歪み分布の逐次解析による光ファイバーケーブルの形状推定

 光ファイバー中の長手方向の歪みを分布的に測定できるB-OTDR(Brillouin-Optical Time Domain Reflectometry)を用いて、複数の光経路における歪みの違いから高精度な形状を推定する解析技術を開発した。

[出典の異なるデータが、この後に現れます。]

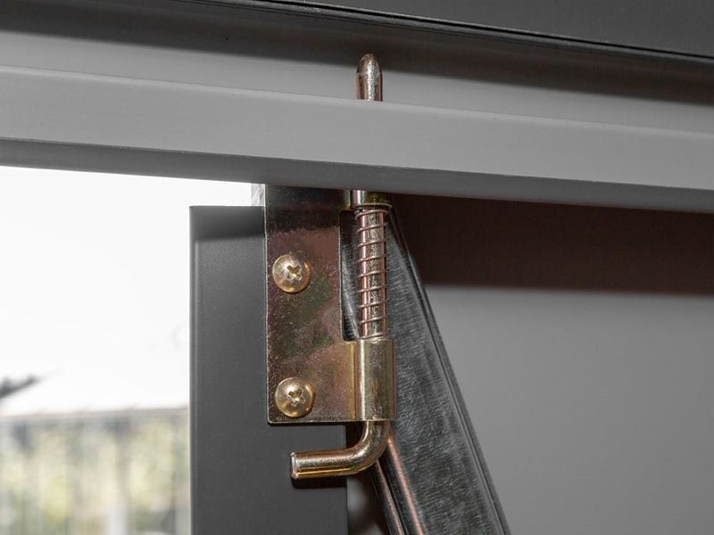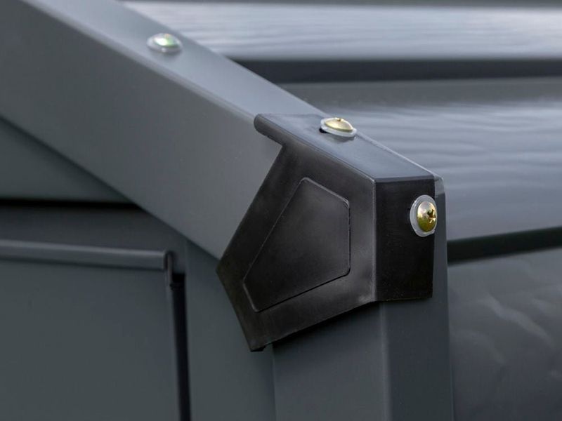 Der Schuppen besteht aus elektrolytisch verzinktem Stahlblech. Die doppelflügelige Tür kann auf beiden Seiten des Schuppens montiert werden, was Ihnen flexible Möglichkeiten bei der Installation des gesamten Metall-Schuppens bietet. Eine Vorrichtung für ein Vorhängeschloss ermöglicht es, das gelagerte Equipment sicher zu verstauen (Vorhängeschloss nicht im Lieferumfang enthalten). Dadurch erhalten Sie einen sicheren Platz für Fahrräder in Ihrem Garten.
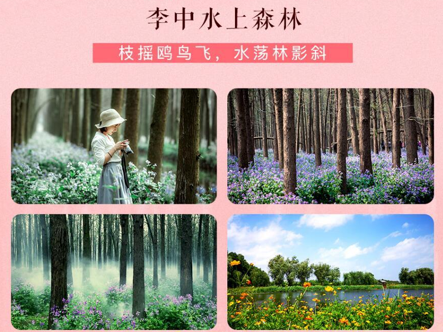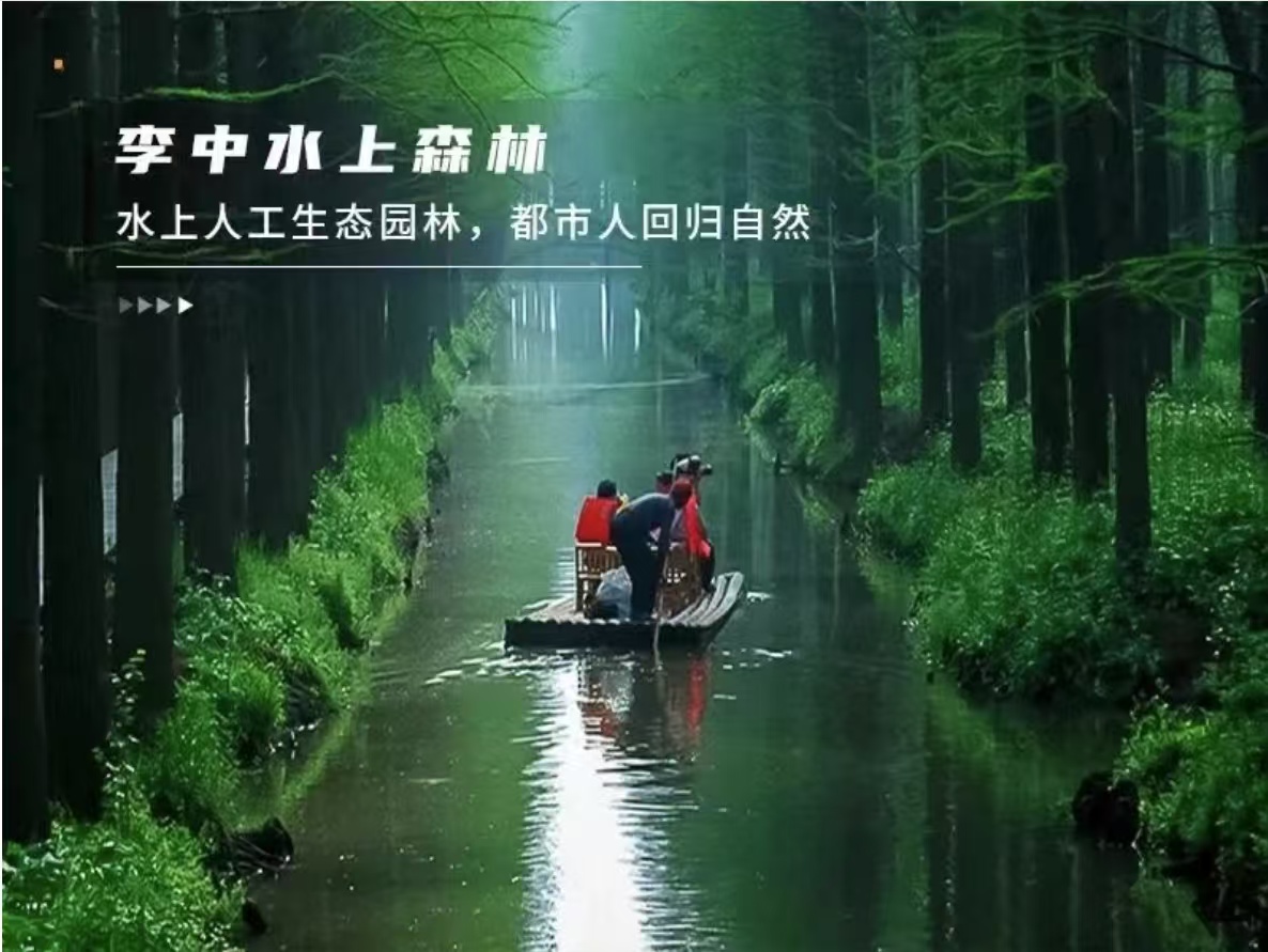 午餐后,我们乘车前往【李中水上森林公园】,进入景区你可以泛舟于纵横交错的河流之上,或置身于高大的水杉林之中,这两者都可以让你欣赏到“树在水中长,鸟在身边飞”的生态美景。筏在林中行,人在画中游。船头张望……只見天上苍鹭盘旋,水中龍潜鱼跃,鱼鹰腾趐忙捕,一派水乡景观。
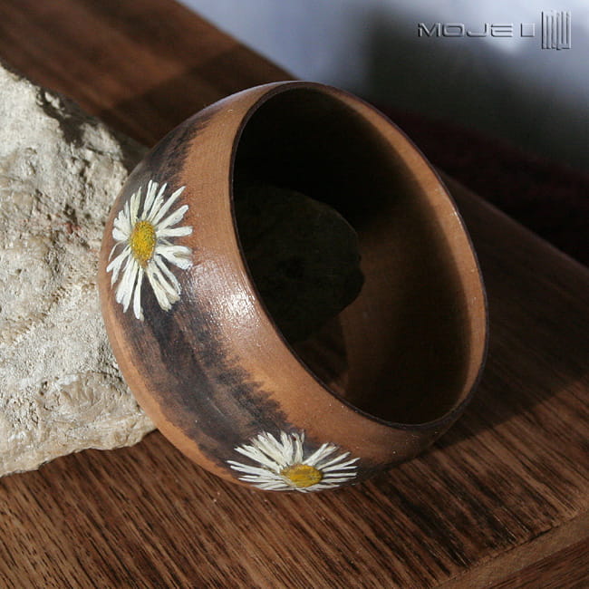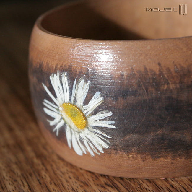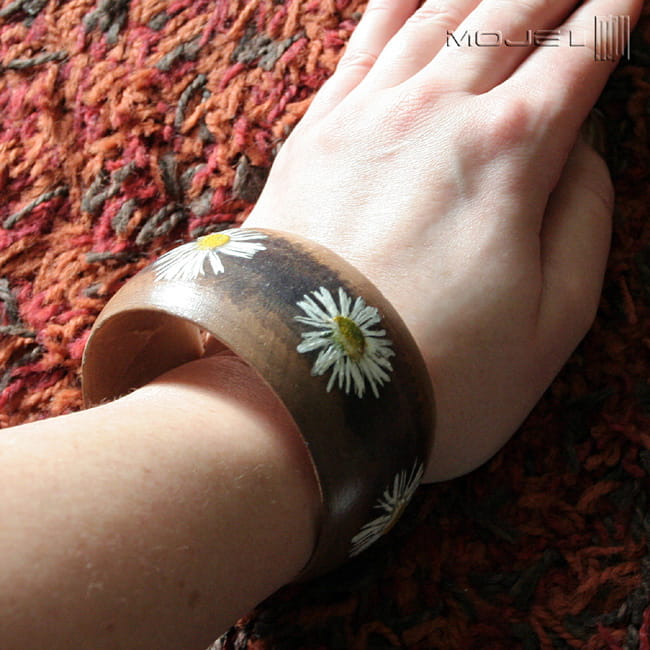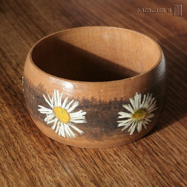Drewniana szeroka bransoleta z kwiatami stokrotki. Ciepła kolorystyka. Z upływem czasu kolor suszonych kwiatów może stać się mniej intensywny. Zabezpieczone wodnym bezbarwnym lakierem.

 今回の技術では、複数の光経路で生じた歪みとそれらの位置関係から地点ごとの曲げ方向と曲がり量を推定し、それを長手方向に沿って逐次的に計算することで、光ファイバーケーブル全体の形状を推定するとともに、既知の曲げ形状あるいは直線状態における歪み分布を参照することで、形状推定精度の向上にも成功した。

形状センシングに適した多心光ファイバーケーブル構造

 光ファイバー形状センシングでは、複数の光経路で生じる異なる情報を解析することで光ファイバーの敷設形状を推定し、検出できる曲率半径の大きさは光経路間の距離に応じて大きくなる。今回の技術では、屋内通信用光ファイバーケーブルとして用いられる、0.25mm間隔で整列・固定された8心の光ファイバーを実装した多心光ファイバーケーブル構造を用いることで、数m以上の曲率半径の検出を可能とした。

 さらに、この光ファイバーケーブルは長方形の形状を有することから、意図しないねじれによる解析誤差の低減も期待できるという。

技術のターゲットと既存技術との関係

 両者は今後、敷設性と検出精度を両立するセンシング用光ファイバーケーブル構造の最適化や、模擬設備を用いたより長距離での3次元形状の検出検証を行い、センシング用光ファイバーケーブルを用いた大規模インフラのデジタルツイン化とレジリエンス向上に貢献するとしている。